The US Government Created Islamic Extremism

Uncle Osama

 

Pakistan's president says the US and its Western allies promoted extremism as a tool to counter the influence of the Soviet Union in the region.



According to Zaradi, "The world worked to exploit religion against the Soviet Union in Afghanistan by empowering the most fanatic extremists as an instrument of destruction of a superpower."



The strategy, he said, worked, but its legacy was the creation of an extremist militia with its own dynamic.

 

Zardari said in the article that the terrorists who killed his wife are "connected by ideology to these enemies of civilization."

 

"Pakistan is shocked at the terrorist attacks in Mumbai. We can identify with India's pain. I feel this pain every time I look into the eyes of my children," he wrote, referring to the assassination of her wife Benazir Bhutto in December 2007.
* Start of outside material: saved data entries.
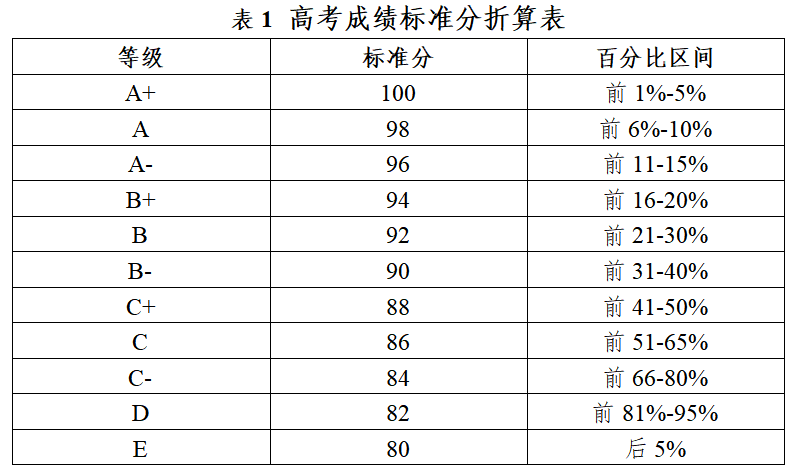 1.高考总分。由两部分组成:(1)省(市)内排位分(占50%),根据高考总分在所在省(市)的排名百分比进行折算;(2)校内同省(市)排位分(占50%),根据高考总分在同省(市)录取新生中的排名百分比进行折算,具体折算标准见表1。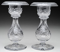Pair of candlesticks have cut and etched floral sprays surrounding the bulbous hollow blown stem. The candle cup has a faceted side and diamond cut rolled lip. Each candlestick is finished with a cut starburst on the underside of the foot. Unsigned. SIZE: 7″ t. CONDITION: Very good to excellent. 5-69528 (200-300) – Lot 3369
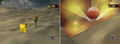 A l'arrivée dans le circuit, on peut apercevoir un Pikachu près d'un panneau ; à chaque photographie qui le centre, il s'en va plus loin. Trois prises permettront de le faire monter sur un Électrode passant. Un Pikachu roulant sur l'Électrode est une photographie bonus qui vous rapportera plus de points. Avant de retourner à lui, à votre gauche, un Élektek poursuit un autre Électrode ; prenez – le en photo avant qu'il ne se retourne. A votre droite, l'explosion de l'Électrode précédent aura retenti. Un petit truc : un Électrode explosé ou en pleine explosion rapporte plus de points que si celui – ci est simplement statique ou en mouvement.Plus loin, on peut apercevoir des « queues » dans le plafond ; dès que le second Pokémon roulant aura explosé, c'est tout un groupe de Coconfort qui descendra momentanément. Il faut noter que chaque explosion les fait retomber. A la fin de ce premier passage, une porte s'ouvre ; soyez vif pour prendre en photographie le Nosferapti qui passera. Dans ce second passage, il n'y a pas, pour l'instant, de photographies intéressantes. L'œuf de gauche nous sera utile plus tard. Juste avant la seconde porte, il y a à votre gauche un spectre inidentifiable ; prenez – le en photographie, car l'analyse révèlera un Spectrum bien en prise. A la droite de cette même porte, un Magicarpe va vivement sauter, il serait donc intéressant de l'ajouter à notre Rapport.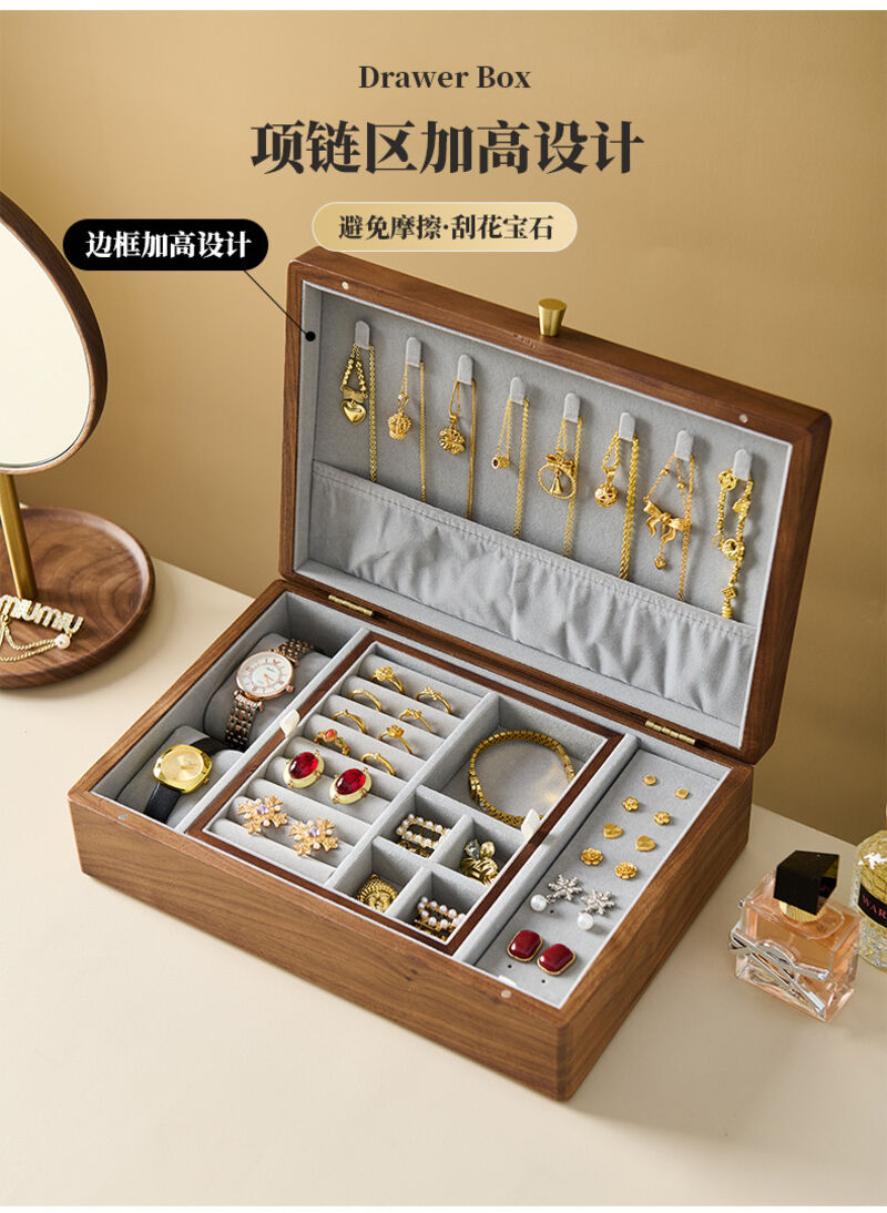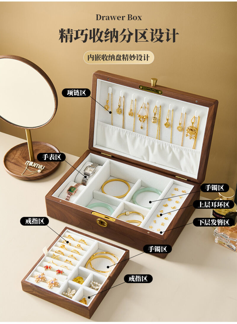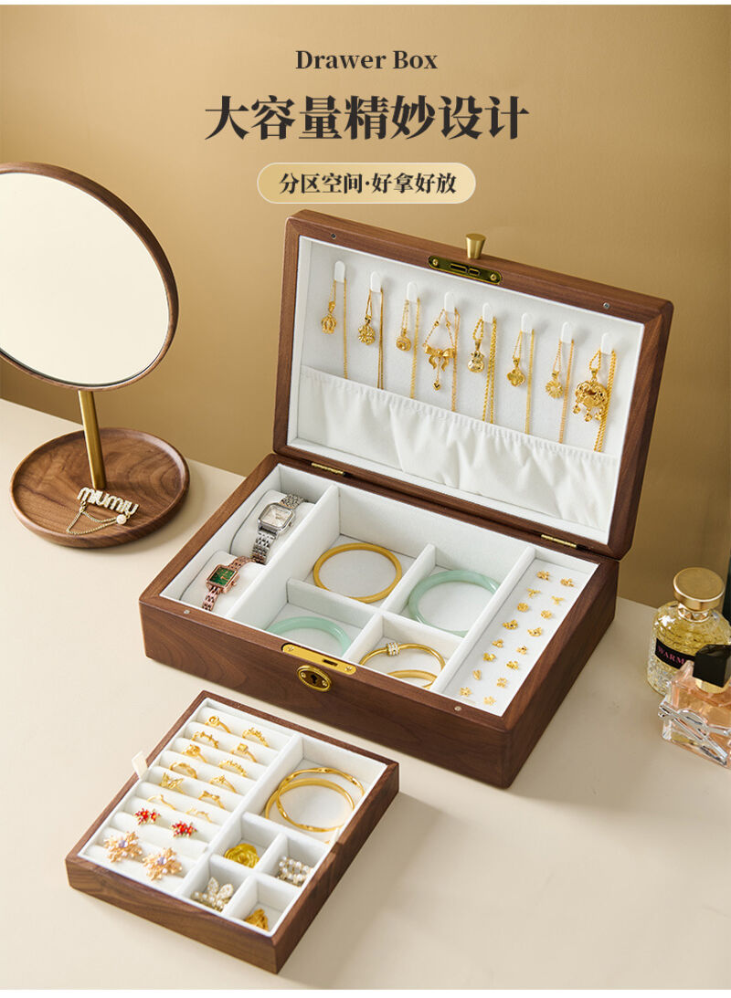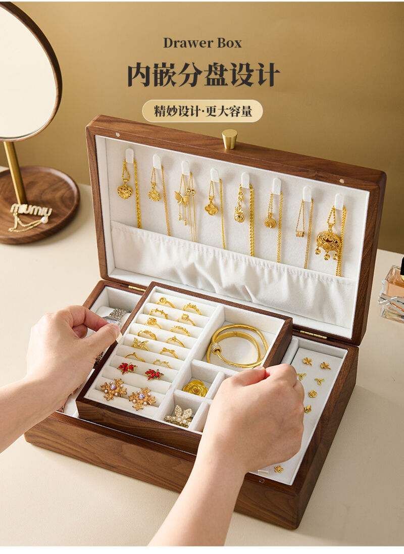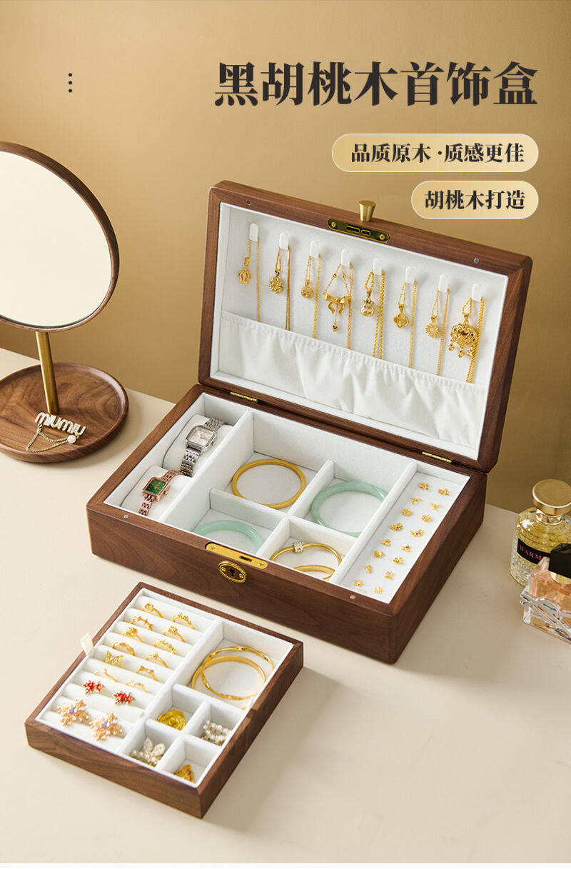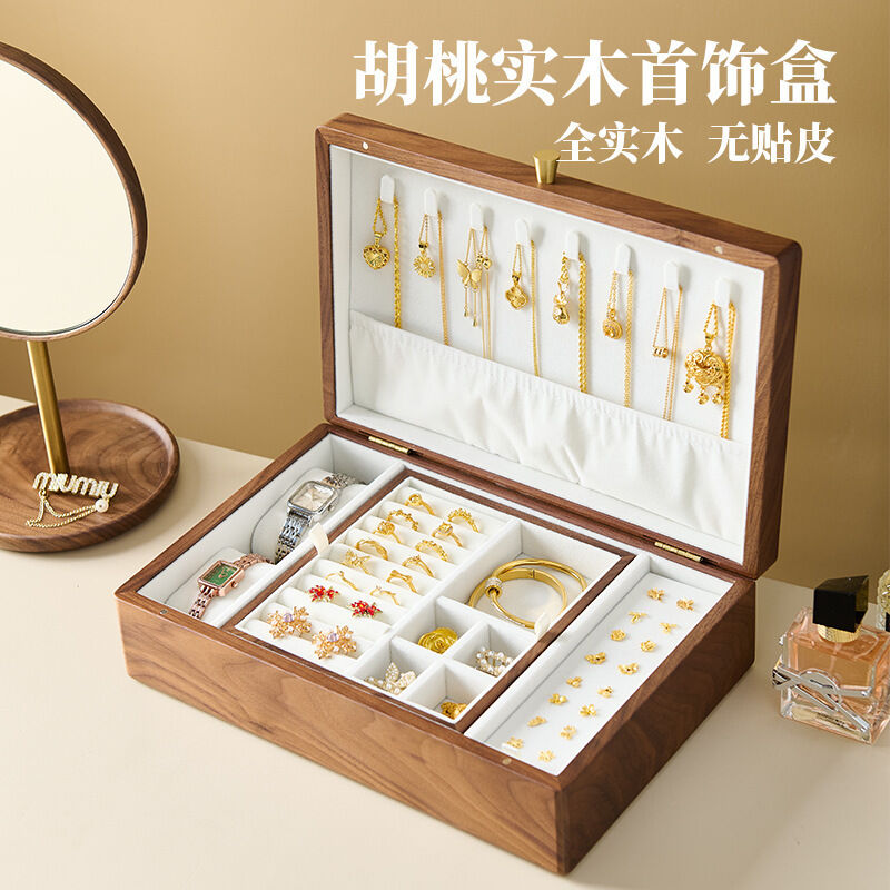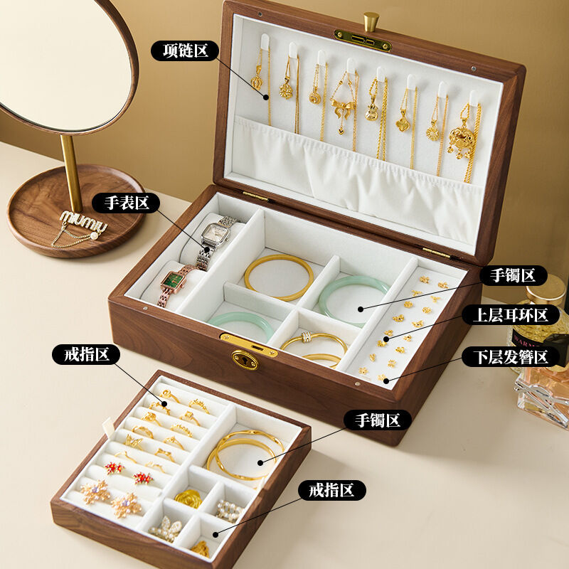 新品下殺 2025胡桃木首飾盒實木盒雙層新婚生日禮物木質小首飾收納盒

"Not only are the terrorists not linked to the government of Pakistan in any way, but we are their targets and we continue to be their victims," the President insisted.



Zardari emphasized that the Mumbai terror attacks were directed not only against India but also against Pakistan's new democratic government and the peace process "we have initiated with New Delhi".



The remarks also come after the US and Indian intelligence reports suggested the Mumbai terror attacks were carried out by Pakistan-based militants.



He reiterated that India and Pakistan and the rest of the world must work together to track down the terrorists who caused mayhem in Mumbai, attacked New York, London and Madrid in the past, and destroyed the Marriott Hotel in Islamabad in September.



Earlier in an interview Zardari had warned of militants' capability to destabilize the whole region. More than 2,000 people were killed in Pakistan in 2007 in terrorist attacks that the government blames on militants opposed to its support of Bush administration's 'war on terror' doctrine.